Hey there fellow lumberjocks. I have been searching and searching for plans or ideas on how to make a carry case for my takedown shotgun to no avail. Maybe someone knows where I can find some plans or offer ideas. Thanks guys. 
Steve


----------



## Waldschrat (Dec 29, 2008)

The best solution for something like this is to design your own. Start with the basics (and this may seem obvious, but it is helpful at least for me): for example it must be soXsoXso bíg in size. It should not weigh more than X amount of Grams/kilos. It must be dust proof, but not water proof. It must have a carrying possibility… also, a handle or some sort of grip. It must be cushioned…. so on and so on.

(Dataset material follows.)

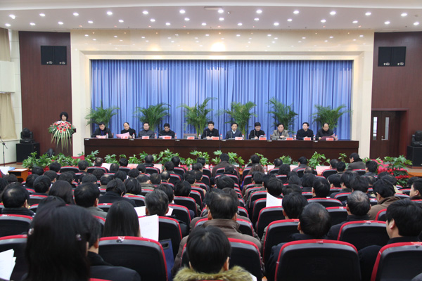 16时50分,“双代会”预备会议第一阶段会议开始。校党委副书记、校工会主席张玉珍受“双代会”筹备工作领导小组的委托,作大会筹备工作报告。报告中,张玉珍同志就“双代会”筹备工作基本情况作了介绍:本次“双代会”筹备工作始终坚持校党委领导的原则,坚持民主集中制原则,坚持程序化和规范化原则,在全校各分会共同努力和全校教职工关心支持下,经过大会筹备工作领导小组和筹备工作办公室全体同志紧张有序的工作,已准备就绪。一是成立了筹备工作领导小组及各专项工作组;二是按规定程序选出了“双代会”代表;三是确定了会议议题;四是拟订、提出了各类建议名单;五是完成了有关报告、文件和相关文字材料的起草工作;六是完成了征集和整理提案工作;七是制定了宣传工作方案并认真实施。张玉珍同志代表筹备工作领导小组和校工会向为筹备工作付出辛勤劳动的同志们表示崇高的敬意和衷心地感谢,相信新一届工会委员会将在校党委的领导下,团结全校广大教职工,充分发挥工会、教代会在学校改革发展中的作用,发扬民主、群策群力,为早日实现教学研究型大学做出新的更大的贡献。

Then take a note book sketch roughly the shape and size (roughly to scale) and figure out the best form. Then as you make a couple of good possiblilties… then you have to think how are you going to build it…. so what kind of joints, solid wood or plywood with expensive veneer. Depending also what kind of shop setup you have, to you have a table shaper, table saw, or a router.

Then draft it all out 1:10 and the joints and difficult to understand sections of your piece, from a 1:10 drawing, in 1:1. Thats the best way to avoid unpleasant suprises.

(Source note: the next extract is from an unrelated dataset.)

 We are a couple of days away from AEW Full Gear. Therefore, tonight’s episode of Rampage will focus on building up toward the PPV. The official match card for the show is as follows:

That is the way, my master taught me to design pieces. It works well, and you come out with mostly a personalized, unique piece when finished.


----------



## CharlieM1958 (Nov 7, 2006)

Nicholas gave some good advice.

Another thing to consider: My personal opinion is that a wooden case large enough and sturdy enough for a shotgun is going to be kind of heavy. If you are doing it mostly for show, that's great. But if you really plan to carry it around very much, I'd think twice.


----------



## North40 (Oct 17, 2007)

There are plans around for wooden breifcases. You might be able to start with a briefcase plan and adjust the dimensions for the shotgun.


----------



## nakinaw (Feb 23, 2009)

I have a breakdown shotgun. I think the case would be small enough, and as for light enough, I am thinking of using like a nice 1/2 inch plywood. Hopefully it wont be too heavy.


----------



## Waldschrat (Dec 29, 2008)

Charlie, have you been talking to my master again?

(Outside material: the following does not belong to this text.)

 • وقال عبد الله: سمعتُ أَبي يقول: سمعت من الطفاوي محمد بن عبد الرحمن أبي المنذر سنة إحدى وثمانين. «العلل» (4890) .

I really, really wanted to make a brief case out of wood, and he… well, lets just say my master was not pleased with the idea. He went on to list a number of things, but mostly emphazised the fact that it would be to heavy, and only really serve the purpose of representation-and not be very usefull on a day to day usage. i just had to type this comment because I heard it from my master once as well. The weight is something to consider, so probably light weight woods like cedar and then veneer over them… kind of old school but it looks good when done right and it is lighter than normal plywoods.

I am still in love with the idea, someday when he is not around…


----------



## CharlieM1958 (Nov 7, 2006)

Nicholas, I have often thought about making a briefcase as well. If you find a way to make it nice and liight, post your construction methods here and I will copy your ideas.


----------